[PROBLEM] Each line from the one containing "Guard your treasures" to the last line of the listing below is to be duplicated exactly, and no picture is to be carried over.

Top of DATA FOR THE TASK

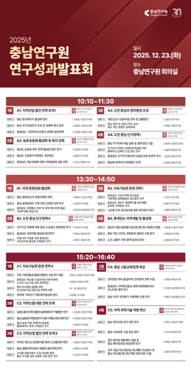 연구원 관계자는 “발표회는 2025년 충남연구원의 연구결과물을 체계적으로 정리·환류해 정책활용도를 높이고, 도민 삶의 질 향상에 실질적으로 기여할 수 있는 실행 가능한 정책과제를 확산하는 것을 목표로 한다”고 말했다.
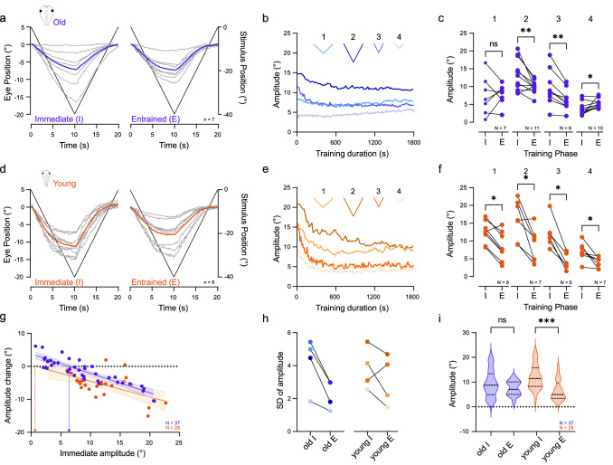 Fig. 2. Ontogeny of OKR plasticity. a–f Differential effects of prolonged visual image motion in old (a–c) and young (d–f) larvae; individual eye motion cycles (gray traces) and population average (colored traces, n = 7 (old, a), n = 8 (young, d) at the onset (left) and the end (right) of prolonged visual motion stimulation with profile 1 (velocity: 4°/s, cycle duration: 20 s; see 1 in Fig. 1c); population-averaged response amplitudes across 30 min of training (b, e), measured on a per-cycle basis for stimulus paradigms 1–4, respectively; mean response of five cycles (c, f) obtained immediately (I) and at the end of the 30-min OKR entrainment (E) on a per-animal basis for stimulus paradigms 1–4 (performed on different, independent sets of naïve tadpoles, respectively; see Fig. 1c). g Amplitude changes plotted against immediate OKR amplitudes for old (blue) and young (orange) tadpoles; solid lines indicate linear regression fit to data; shaded areas indicate 95% confidence interval of the fit; horizontal dotted line indicates no amplitude change; dots above indicate OKR amplitude increase, dots below OKR amplitude decrease; blue (old tadpoles) and orange (young tadpoles) vertical dashed arrows indicate the theoretical initial amplitudes, above or below which a decrease or increase is expected. h Standard deviation (SD) of the averaged response amplitudes immediately (I) and at the end of the entrainment period (E) for old and young tadpoles and stimulus paradigms 1–4 (for color-code see b, e). i Violin plots of immediate (I) and entrained response amplitudes (E), in young and old tadpoles respectively, pooled across stimulation paradigms 1–4
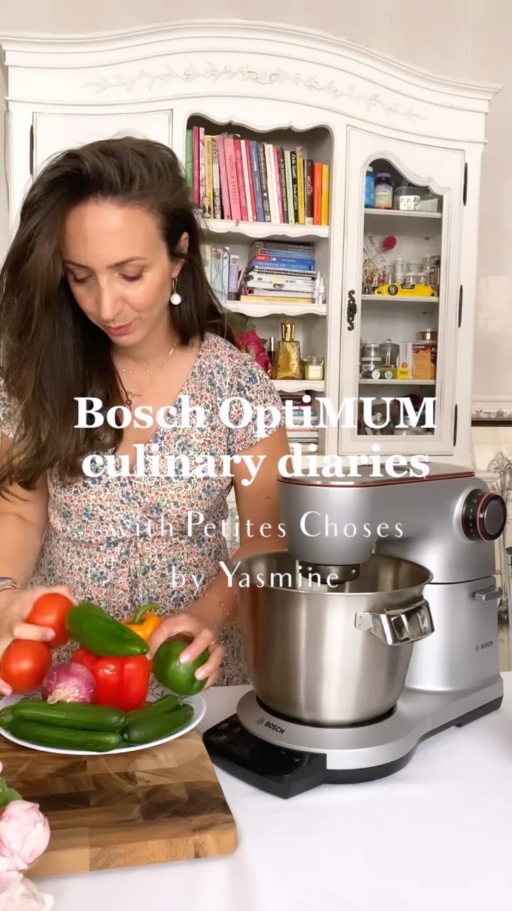 Summer is here and a good chilled gazpacho soup is a meal I crave during those hot sticky days! You can adapt the recipe to whatever herbs and veggies you have at home, but start with good, ripe tomatoes, small sweet cucumbers and mild capsicum peppers. All you need is a strong blender such as the OptiMUM Kitchen Machine from @boschhomegulf. I love the glass heat proof blender as I add boiling water to my vegetables and that avoids me peeling them! For the garnish, I also used the slicer of the machine, super easy to attach thanks to a smart color coding, and I got some crunchy cucumber croutons that I added along with chili paste on top of my chilled, flavorful gazpacho soup! Yum. Recipe below, will you try making it? #BoschHomeAppliances#collab#recipe#gazpacho#CookLikeABosch#OptiMUM@boschhomegulf
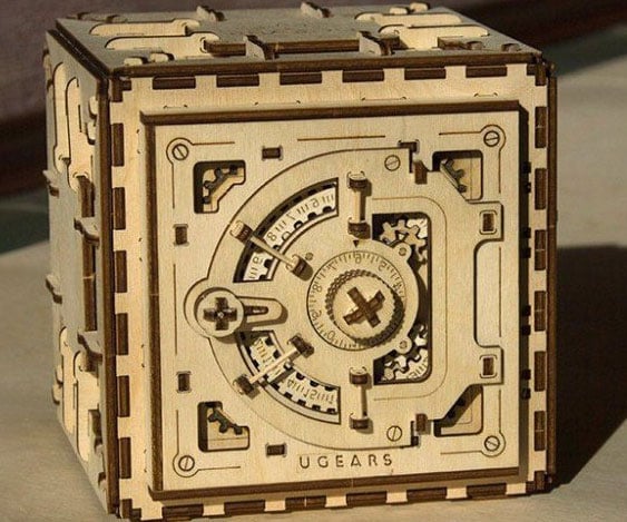 Guard your treasures from sticky fingers without breaking the bank on protection by tucking them away in this mechanical DIY safe. This plywood security box arrives as 179 precisely cut components, ready for you to construct a compact, cubical safe featuring its own 3-digit combination lock.
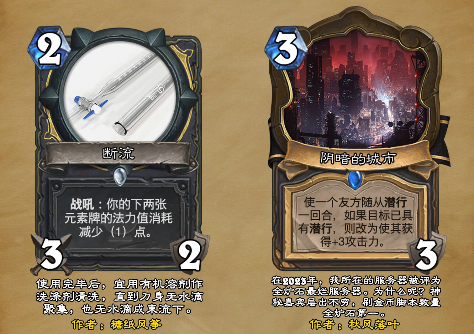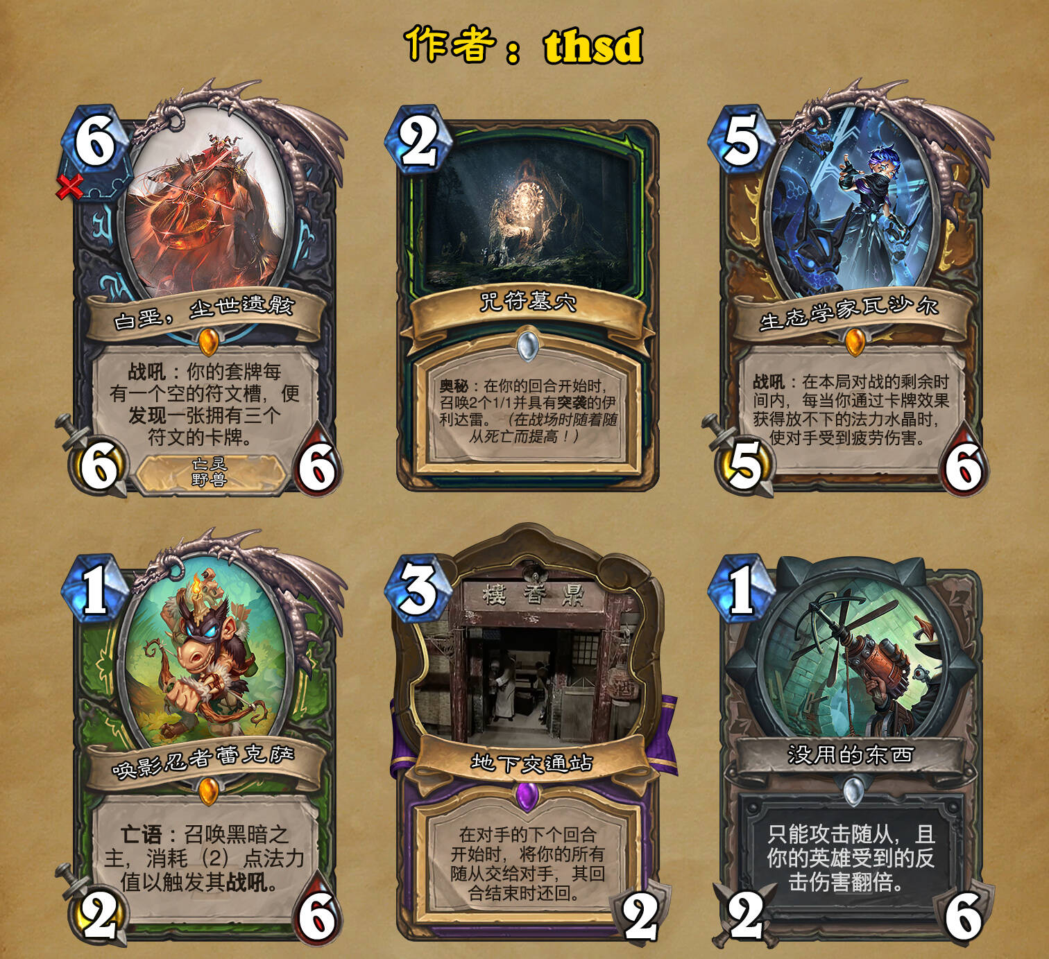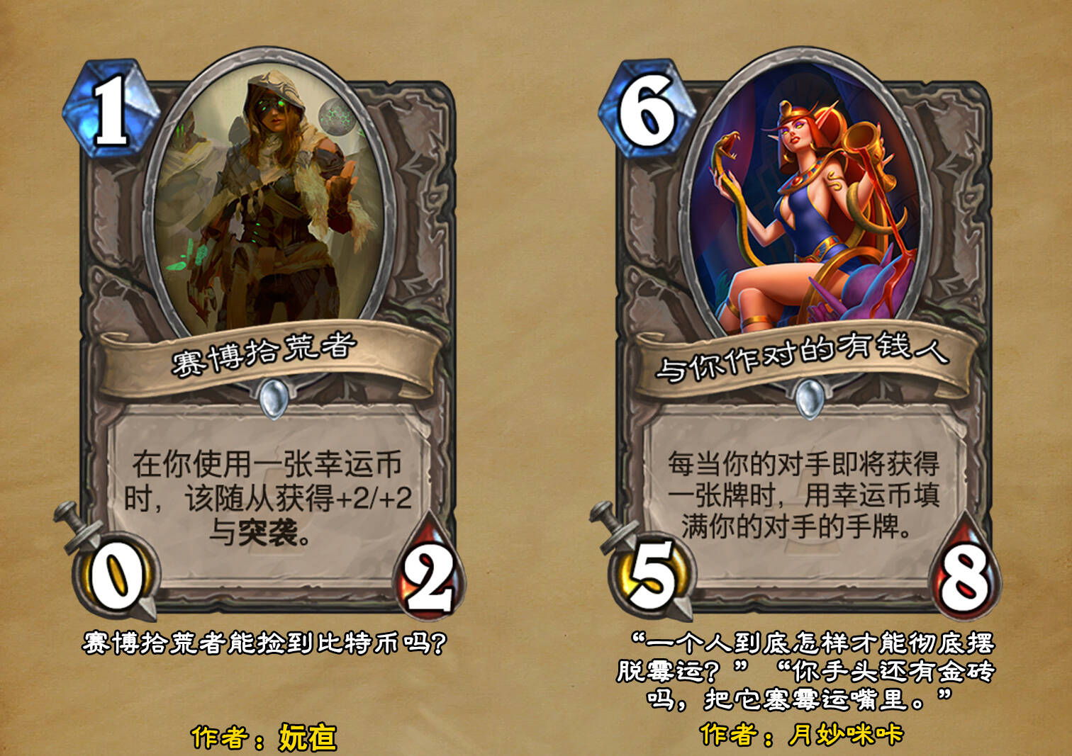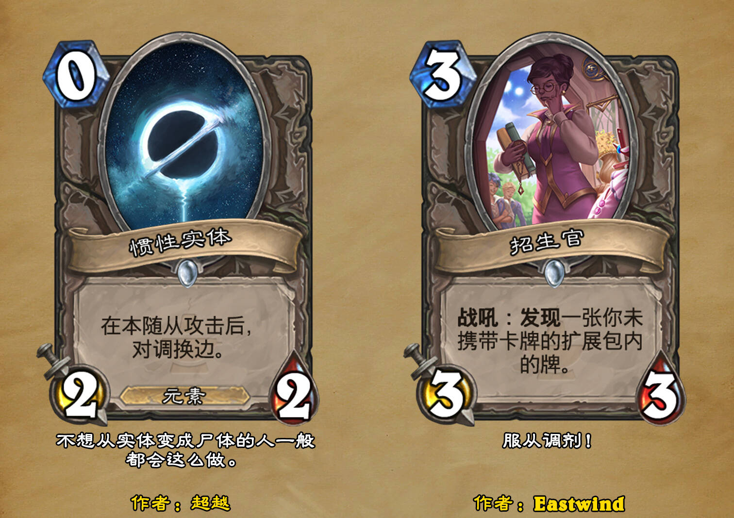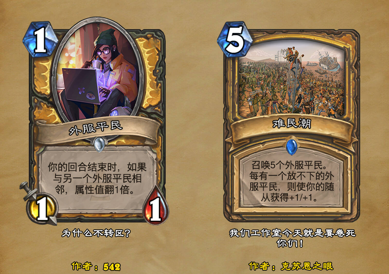 *本扩展包的设计工作于2023/01/22开始,碍于炉石国服关服,参与者的设计热情已大不如前,许多空格由他人完成;收集原画,制图,趣文则同样花费了一些时间,因此本扩展包拖延至2023/10/14才正式完工。全部的原画收集和制图工作及大部分趣文由thsd完成。

Bottom of DATA FOR THE TASK

[WRITTEN SOLUTION]
 Guard your treasures from sticky fingers without breaking the bank on protection by tucking them away in this mechanical DIY safe. This plywood security box arrives as 179 precisely cut components, ready for you to construct a compact, cubical safe featuring its own 3-digit combination lock.
 *本扩展包的设计工作于2023/01/22开始,碍于炉石国服关服,参与者的设计热情已大不如前,许多空格由他人完成;收集原画,制图,趣文则同样花费了一些时间,因此本扩展包拖延至2023/10/14才正式完工。全部的原画收集和制图工作及大部分趣文由thsd完成。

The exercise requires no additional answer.